Though much could be saidand has been said – from a policy standpoint about the president’s executive order and the heated debates that have ensued, it is worth it for us, as Christians, to use this moment as an opportunity step back and consider how Scripture frames the broader issues involved.  After all, long after the embers of the fight over this particular executive order have cooled, the contentious disagreements that have bubbled to the top in this debate will remain.  So here are a few things to keep in mind.

Safety and Sojourners

One of the roles of any government is to protect its people by punishing wrong and standing up for what is right.  This is part of the reason Joshua led a conquest through the land of Canaan.  This is also why the apostle Paul writes:

For the one in authority is God’s servant for your good. But if you do wrong, be afraid, for rulers do not bear the sword for no reason. They are God’s servants, agents of wrath to bring punishment on the wrongdoer.  (Romans 3:4)

The preamble to our Constitution echoes this sentiment when it explains the very need for such a document thusly:

We the people of the United States, in order to form a more perfect union, establish justice, insure domestic tranquility, provide for the common defense, promote the general welfare, and secure the blessings of liberty to ourselves and our posterity, do ordain and establish this Constitution for the United States of America.
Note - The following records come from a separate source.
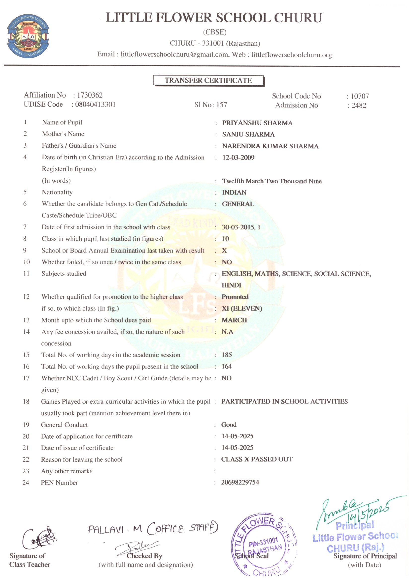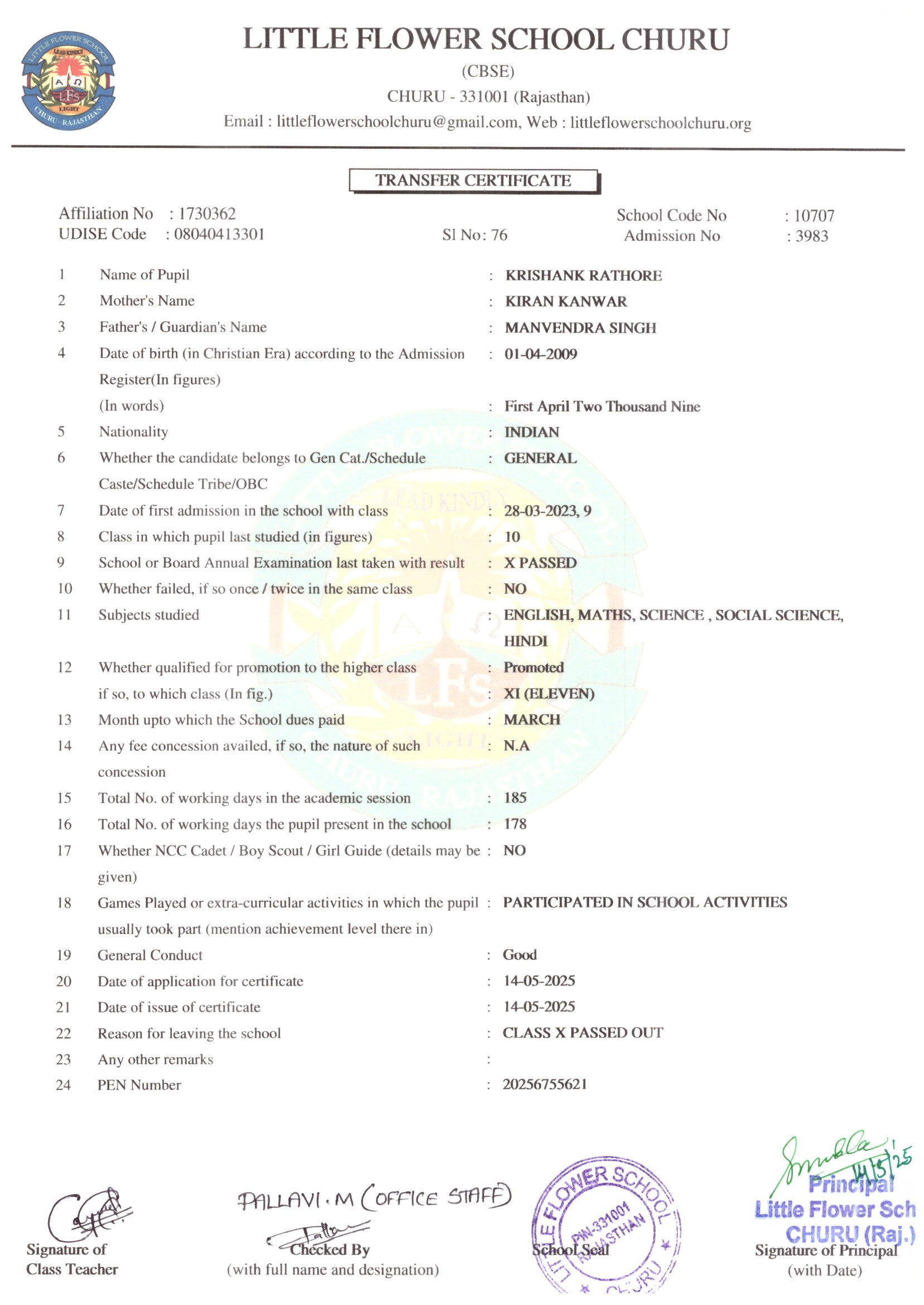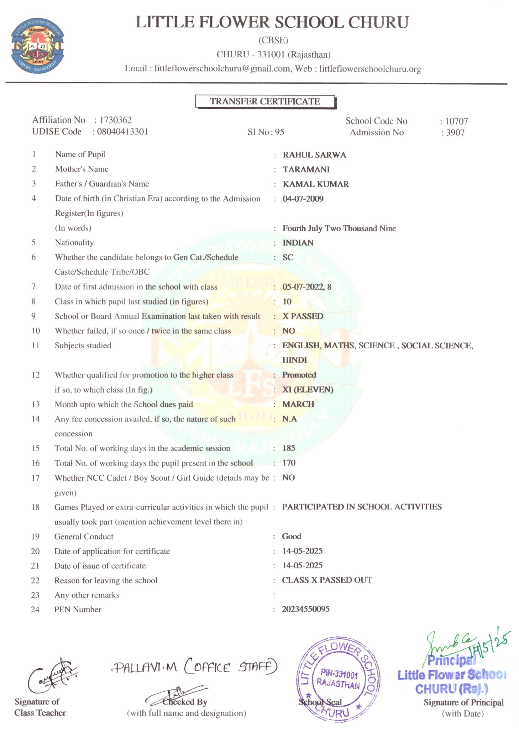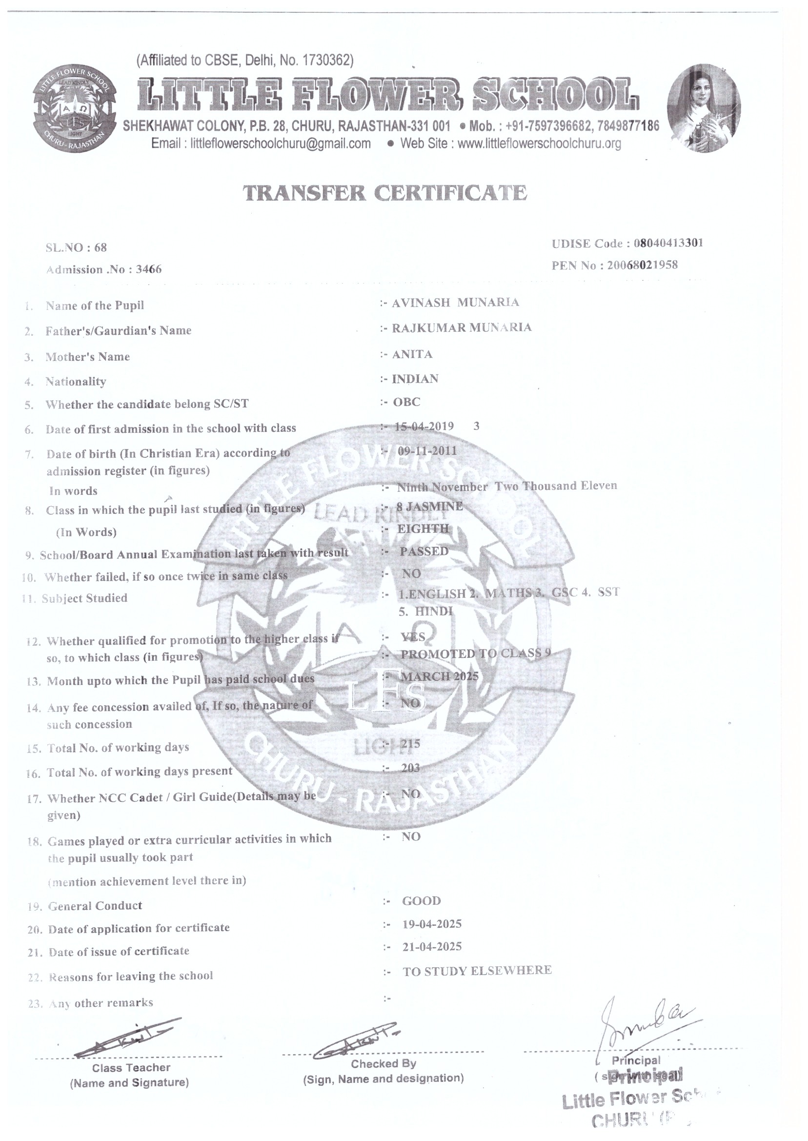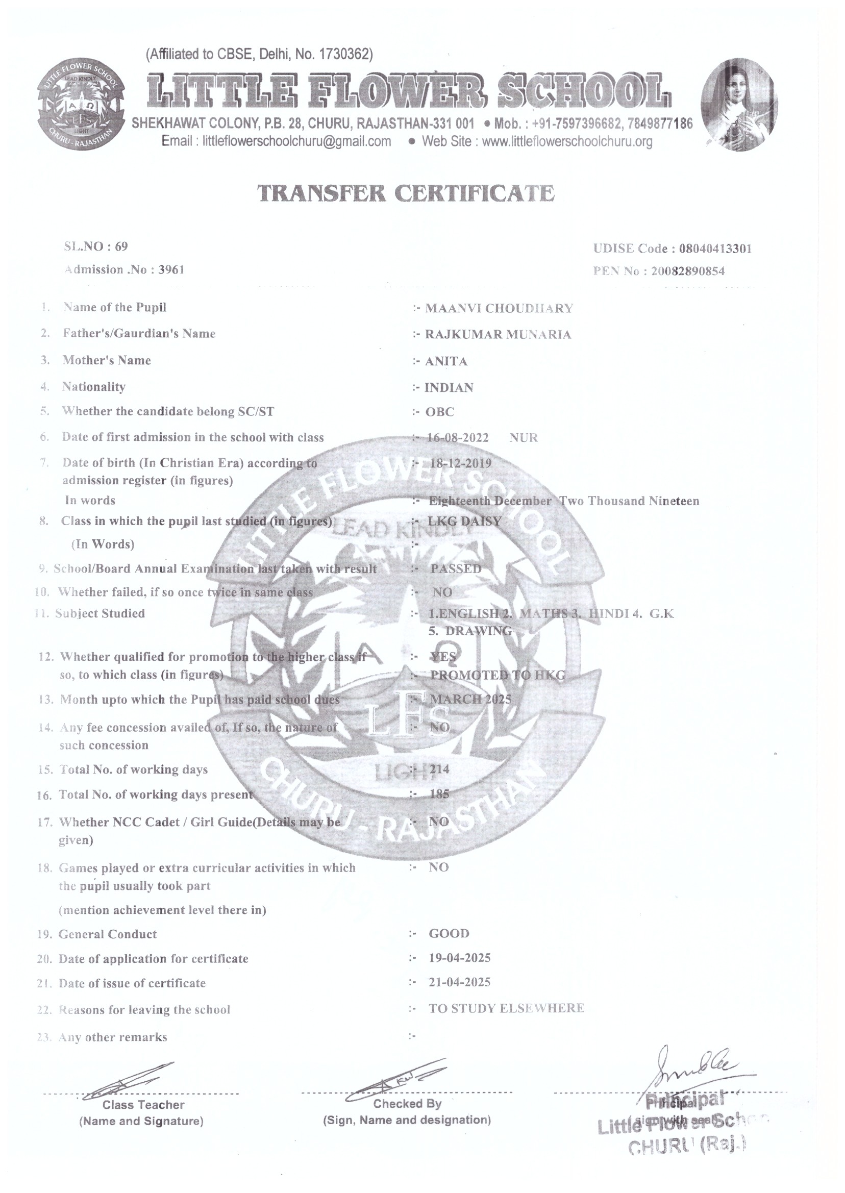 Little Flower School is Pioneer in education under CST Punjab, Rajastan.
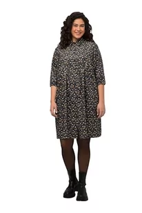 Ulla Popken Damska sukienka w kwiaty ze sztruksu, czarny, 54/56
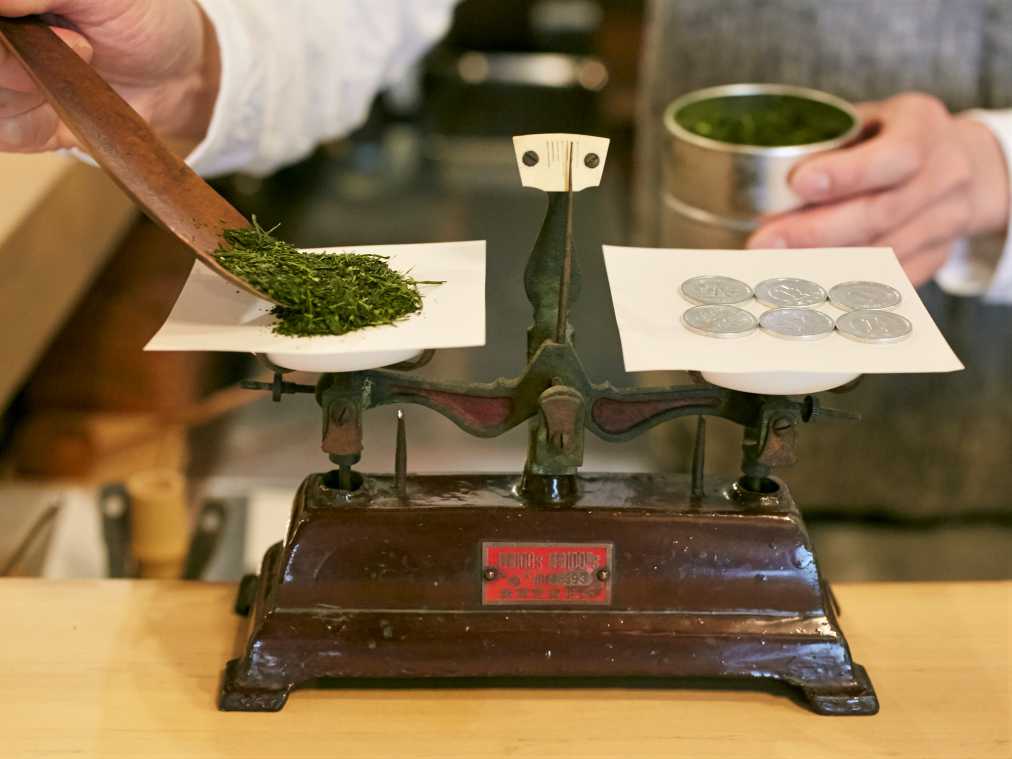 はかりの上に一円玉が6枚…。目の前で繰り広げられる不思議な光景に、これから何が行われるのかと目は釘付けに。実はこれ、急須に入れる茶葉の量を計測しているところなんです。1枚1gの一円玉が6枚で「6g分の茶葉」というわけ。

Likewise, President Trump, when his executive order was met with fiery backlash, defended it by saying that his order was about “terror and keeping our country safe.”

Safety is indeed a noble goal.  But Scripture also has much to say about welcoming and helping sojourners.  God commands the Israelites:

When a foreigner resides among you in your land, do not mistreat them.  The foreigner residing among you must be treated as your native-born. Love them as yourself, for you were foreigners in Egypt. I am the LORD your God. (Leviticus 19:33-34)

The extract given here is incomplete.